Michael Crichton “La grande rapina al treno” Repubblica Giallo euro 5,90
[A: 2004 – I: 26/04/2012 – T: 28/04/2012]
[titolo: The Great Train
Robbery; lingua: inglese; pagine: 288; anno:
1975]
C’è stato un periodo delle mie
letture che ero affascinato di Michel Crichton. Trovavo affascinante quel suo
modo di entrare ed uscire dalla trama per raccontare contorni, motivi, spiegare,
informare. Erano i tempi di “Andromeda”, di “Congo” e di “Jurassic Park”.
Nonché di quei racconti che poi furono alla base di una delle più belle serie
televisive (“In caso di necessità” che fece nascere i telefilm di “E.R.”). Poi
è calato nella scrittura, si è dato ad esternazioni improbabili, e l’ho messo
da parte. Infine 4 anni fa, a soli 66 anni muore. Ora riprendo in mano uno dei
suoi primi libri, che all’epoca avevo saltato. E lo ritrovo come l’avevo
lasciato. Solo che gli anni sono passati, e quella scrittura che 40 anni fa era
interessante e innovativa, si è fatta sterile. Non che questa grande rapina non
sia ben fatta e ben resa. Ma quegli intarsi che mi piacevano tanto, ora
sembrano frutto di uno sfoggio di erudizione, di un tentativo di dire: ‘guardate
che per capire quello che vi sto narrando di una storia che si svolge nel 1855,
dovete sapere fatti e circostanze di vita, e dato che non le sapete, ve le
illustro io”. Ecco, or mi sovviene, è quest’aria da sapientone che mi da fastidio.

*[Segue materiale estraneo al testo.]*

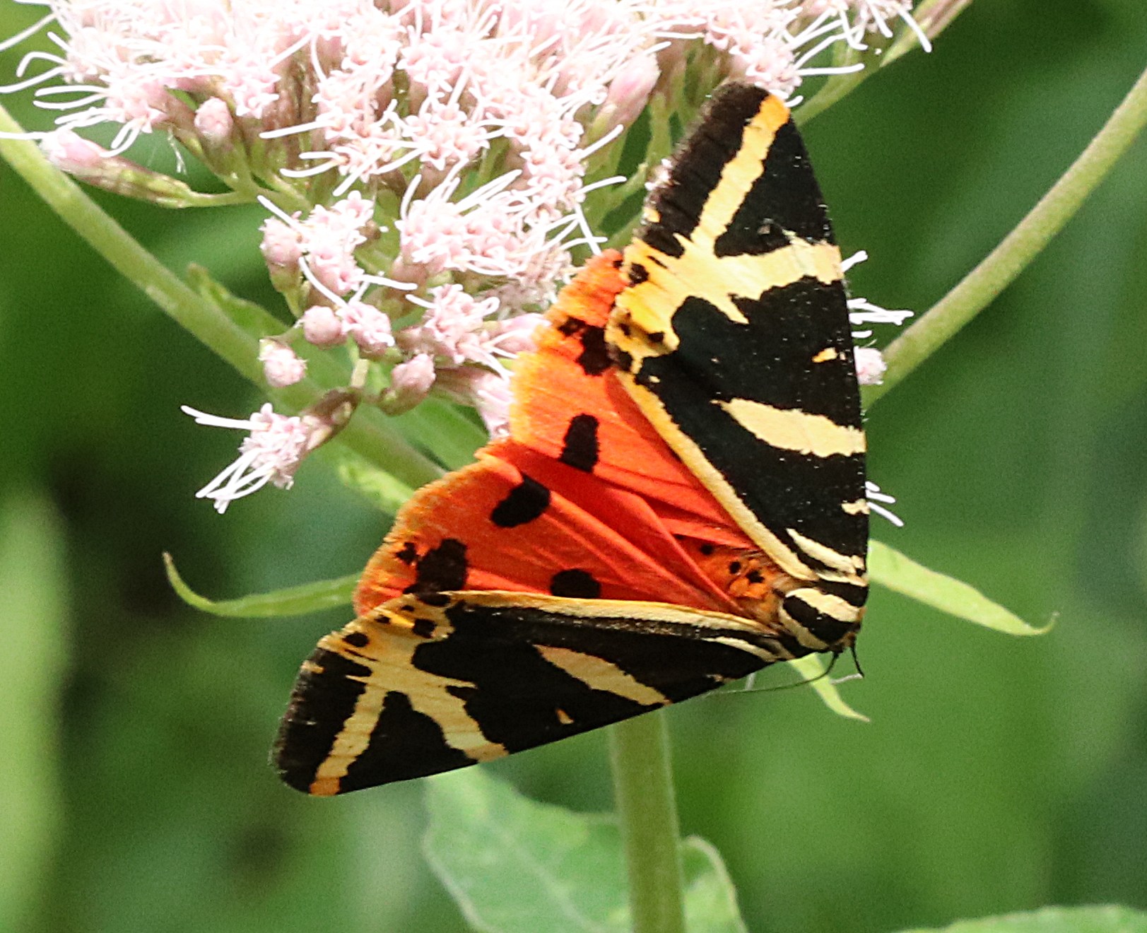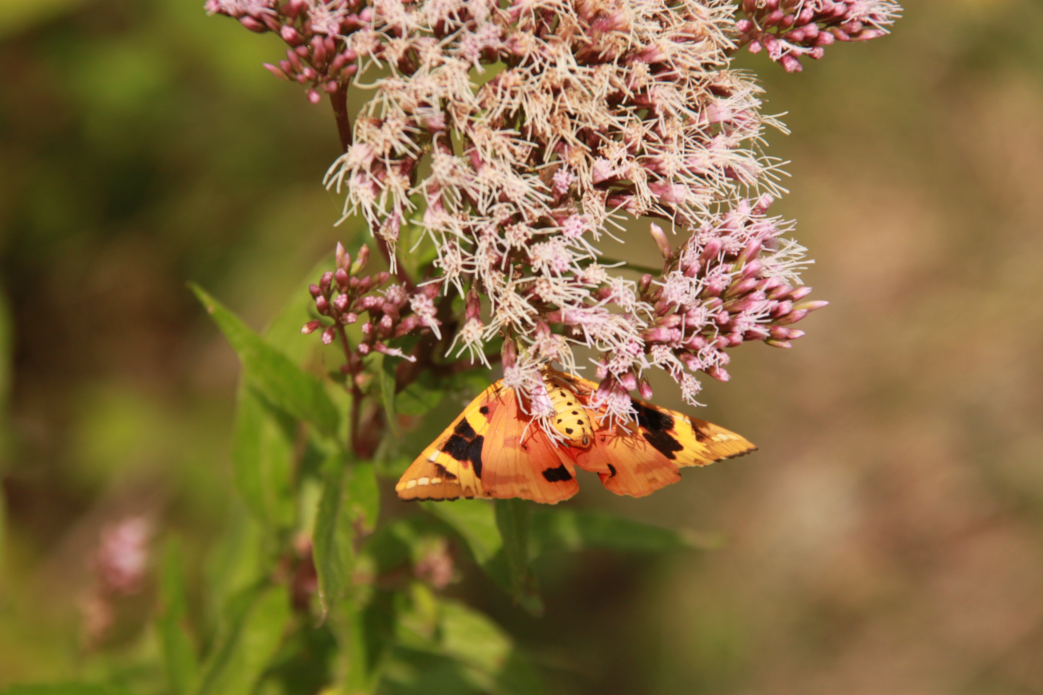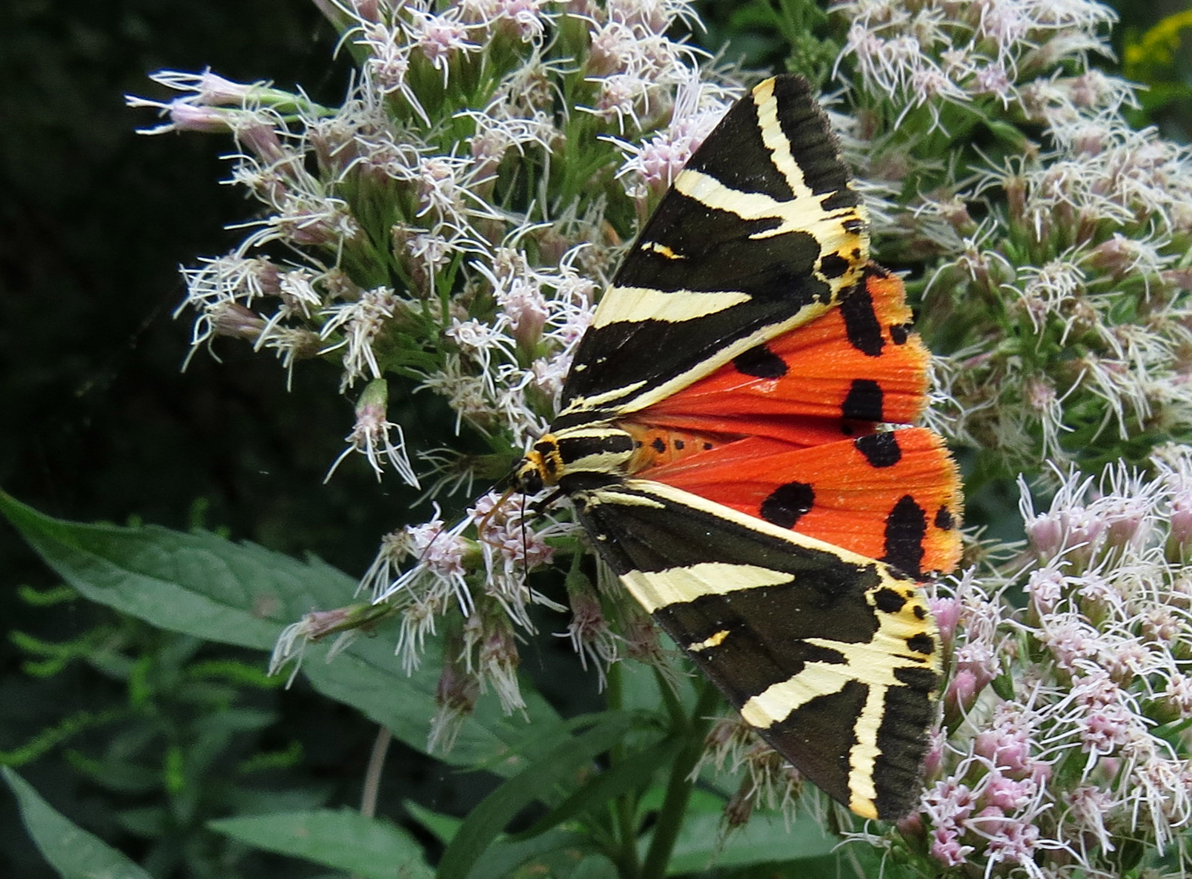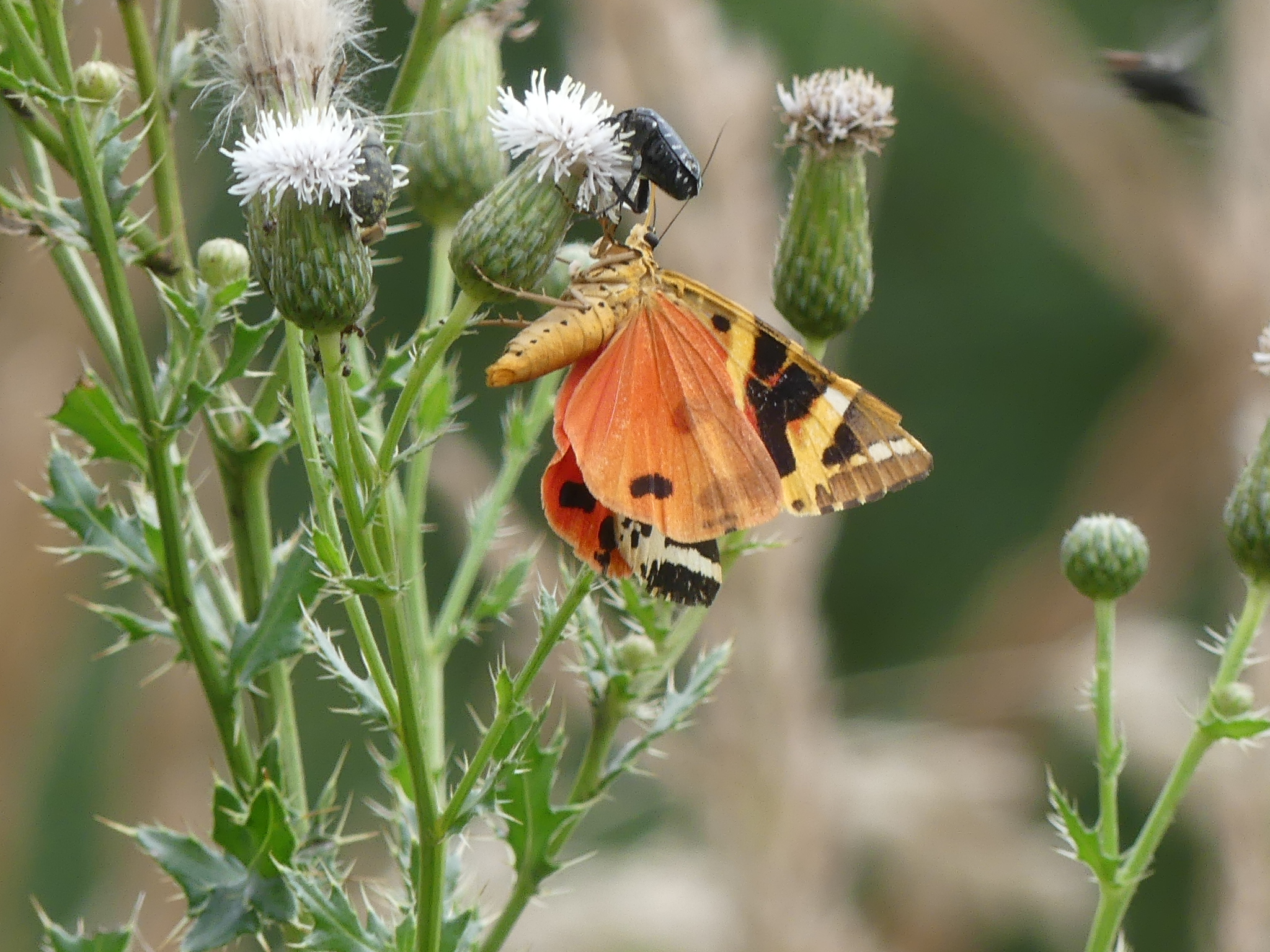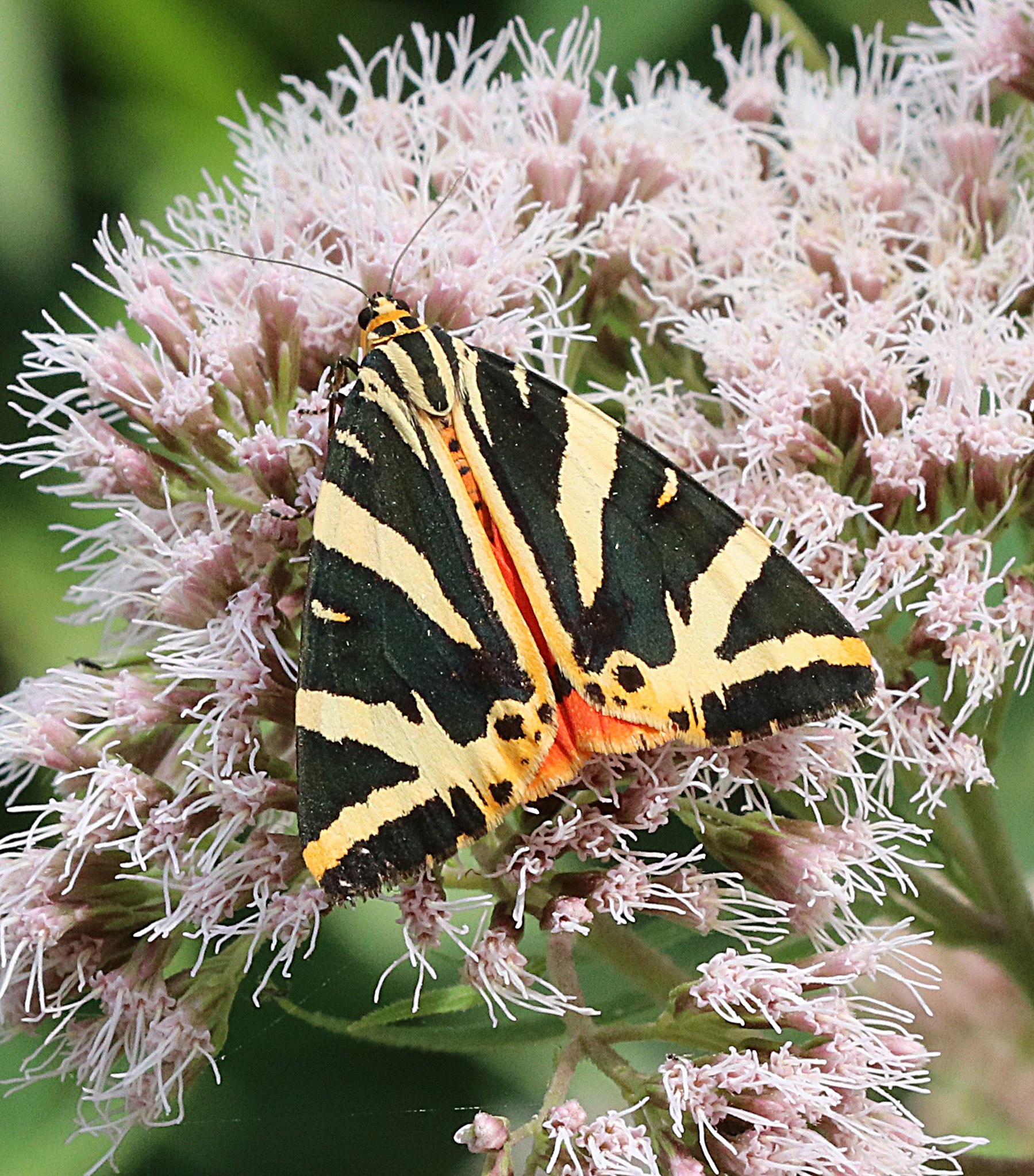 Spanische Flagge (Euplagia quadripunctaria (Poda, 1761)),Freital/Hainsberg,Rabenauer Grund,vor 1.Eisenbahnbrücke,Wegrand auf Wasserdost

Perché la miglior sapienza è quella che esce fuori dalle righe del testo senza
averne l’aria. Quella che dice e descrive e coinvolge e porta a vivere il tempo
della scrittura come fosse sempre coevo del tempo della lettura. Peccato,
tuttavia. Che la storia, in realtà merita. È la narrazione, oltremodo fedele,
di una grande rapina al treno, dove sparisce l’oro destinato alle paghe dei soldati
inglesi che combattevano in Crimea. Una storia che seguiamo passo dopo passo. Seguendo
le orme dell’artefice, Edward Pierce. Dall’idea alle modalità di attuazione. Ai
modi per trovare la possibilità di aprire la cassaforte che viaggiava sul
treno, procurandosi le chiavi d’apertura. Al modo di salire sul treno. Al modo
di fuggire dal treno. Al modo di sostituire l’oro con qualcosa dal peso equivalente
per non far scoprire subito il furto. E poi, velocemente, alla ricerca dei colpevoli
da parte della appena nata Scotland Yard. All’arresto. Ed al processo, sulla
base del quale, poi, si ricostruisce tutto il pregresso. Non vi narro solo la
fine, che non è inventata da Crichton, ma, come tutta la storia, è ben documentata.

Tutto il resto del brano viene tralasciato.